Threshold of concern for dry acid added to a SWG pool?

GalenL

Member
Aug 28, 2022
7
Sacramento, CA
Pool Size
7600
Surface
Fiberglass
Chlorine
Salt Water Generator
SWG Type
Pentair Intellichlor IC-30
Greetings all!

This is my first post as a relatively new owner of a 7600 fiberglass pool (the Latham Olympia 12), with a SWG, for which construction was completed October of 2023. I am in Sacramento, California. The pool has an autocover which I've been using most of the time up to this point, but I'll probably want to use less as it gets hotter. The pool is set up to refill automatically as water is lost.
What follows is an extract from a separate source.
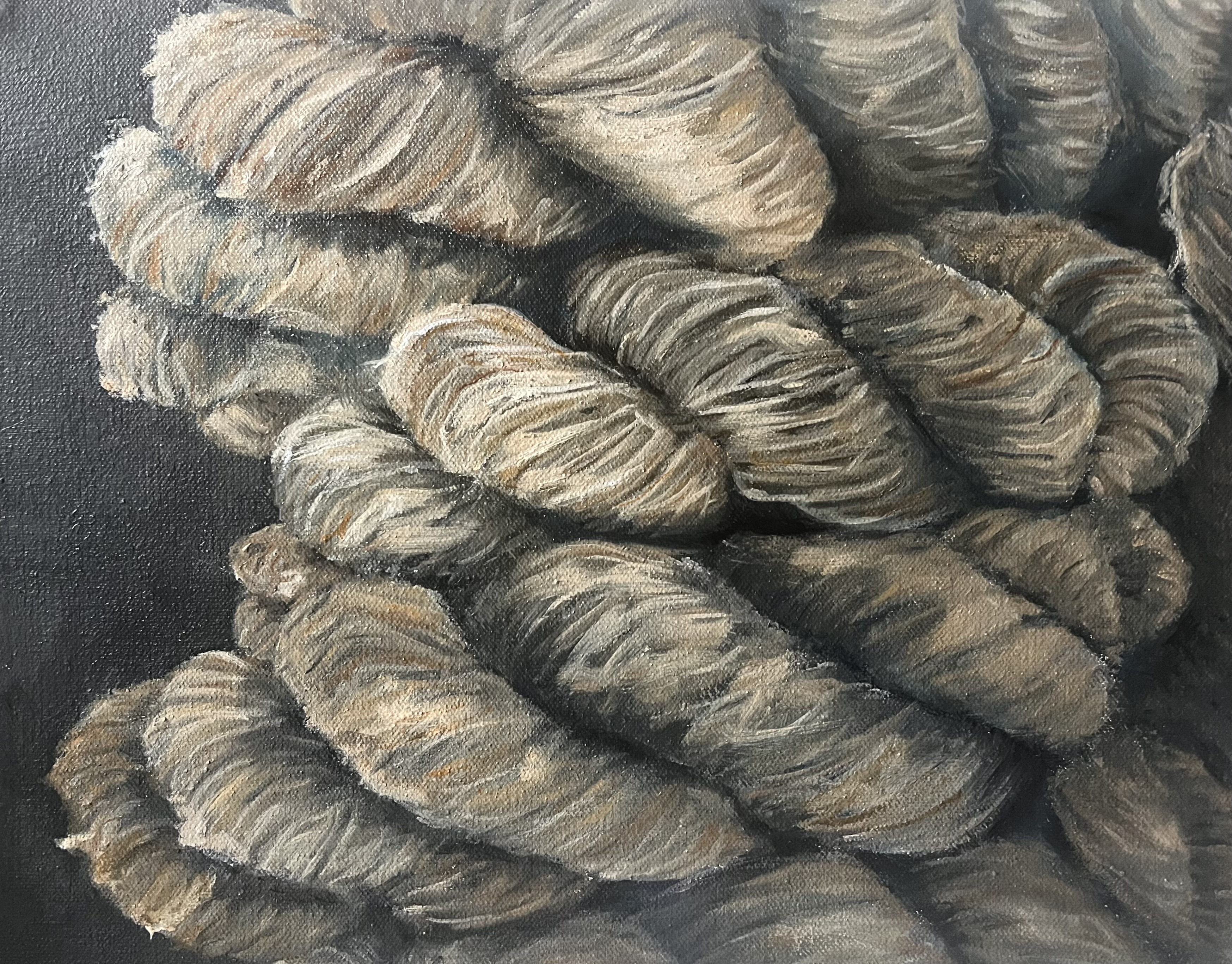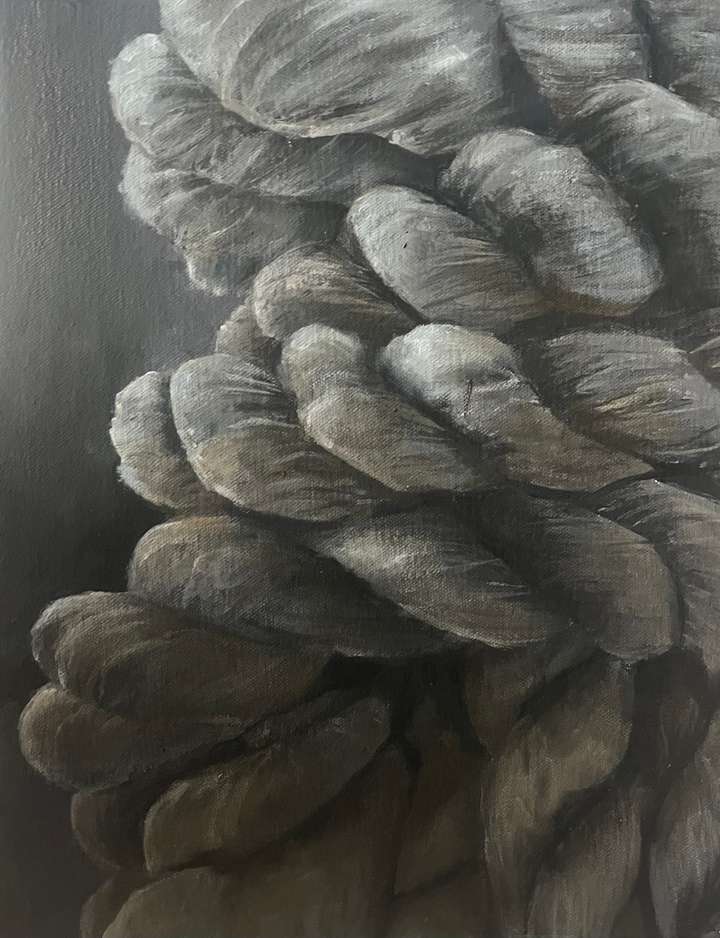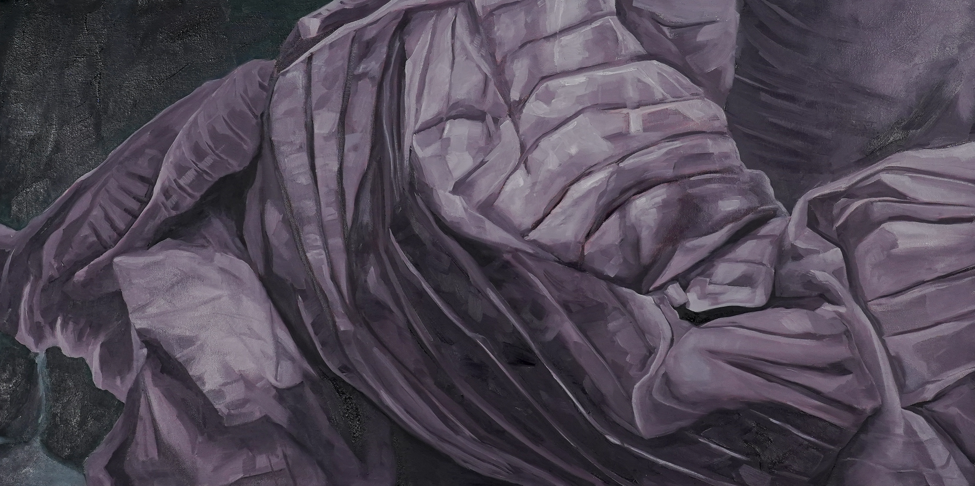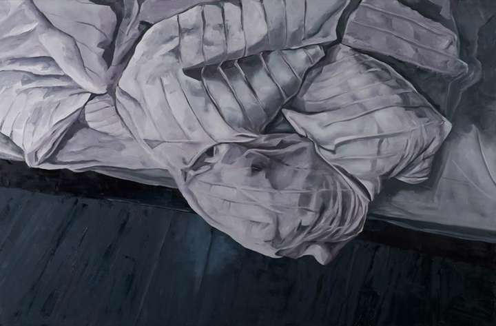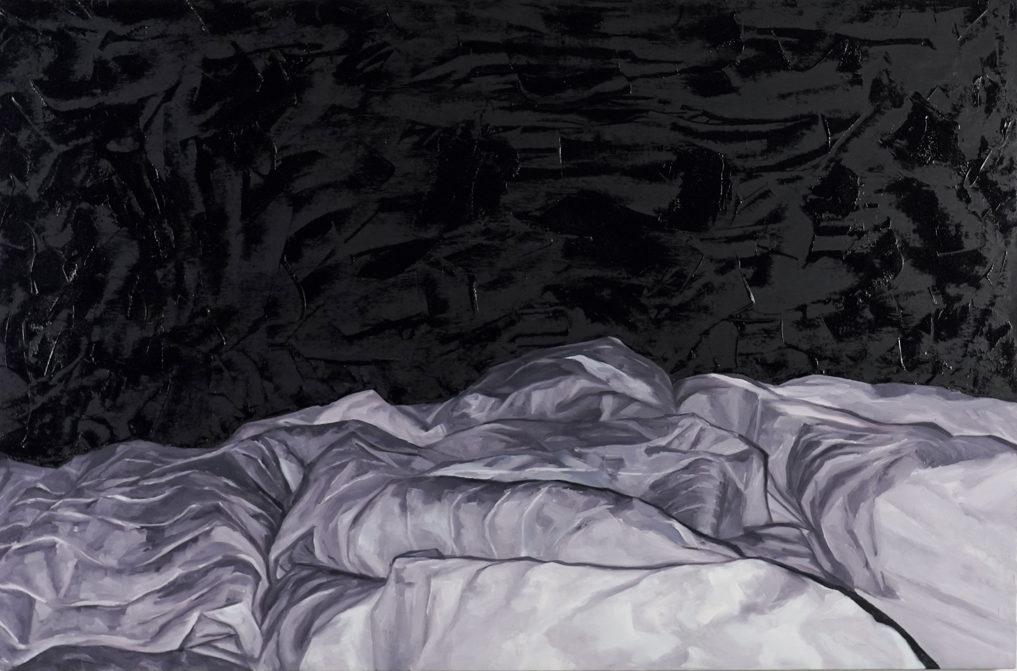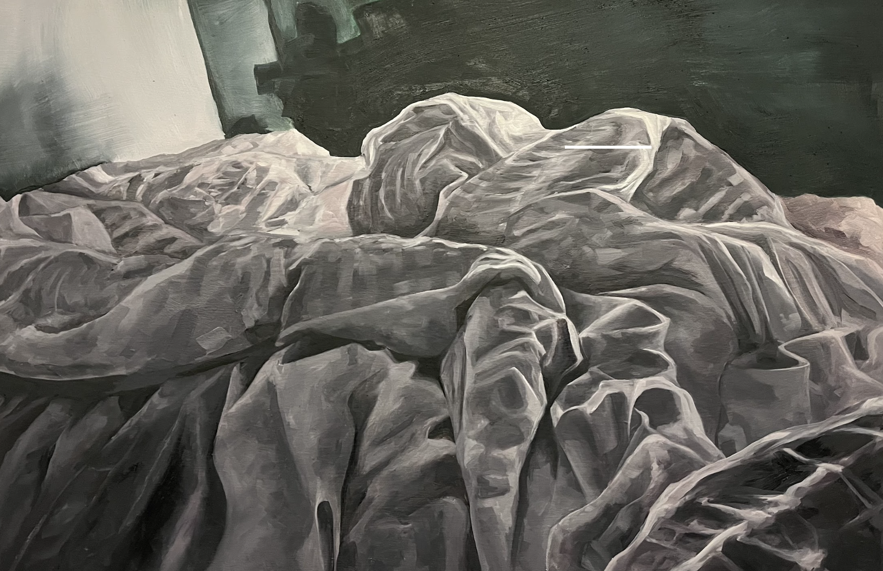 Lately, my practice has focused on platonic intimacy. Bedscapes, a series of emotional fabric landscapes, illustrates this through naturalistic oil paintings that merge classical landscape traditions with my tangible obsession with bodily fabric. This body of work reflects a universal longing for shared calm at the end of the day.

Since I took over responsibility for maintaining the pool, I have been using dry acid to keep the PH from getting too high. To date, I have added 23.4 oz of dry acid, with almost half of that added in the last week.

Yesterday I discovered the use of dry acid is "discouraged" in pools with a SWG. Specifically, the Intellichlor manual says: "The use of dry acid (sodium bisulfate) to adjust pool pH is discouraged especially in arid regions where pool water is subject to excessive evaporation and is not commonly diluted with fresh water. Dry acid can cause a buildup of by-products that can damage your chlorinator cell."

My question is: Did I catch this in time, such that I'll be OK as long as I don't add more dry acid? Or should I drain/dilute my water to avoid damage to my SWG?

Some additional details.

I did a back-of-the-envelop calculation based a 2019 post from @JoyfulNoise (Dry Acid (Sulfates)), and estimate that the dry acid I've added to date increased my sulfate concentration by almost 19 ppm of sulfate ions. This is of course in addition to the baseline in my water supply. Looking at the website for Sacramento City Water, it there are 18 sulfate tests ranging from 4.9 ppm to 34.5 ppm, with an average of around 12 ppm, and a regulatory limit in California of 500 ppm. (Am I correct in understanding "sulfate ions" added by dry acid to be the same as the "sulfates" indicated in drinking water quality standards?)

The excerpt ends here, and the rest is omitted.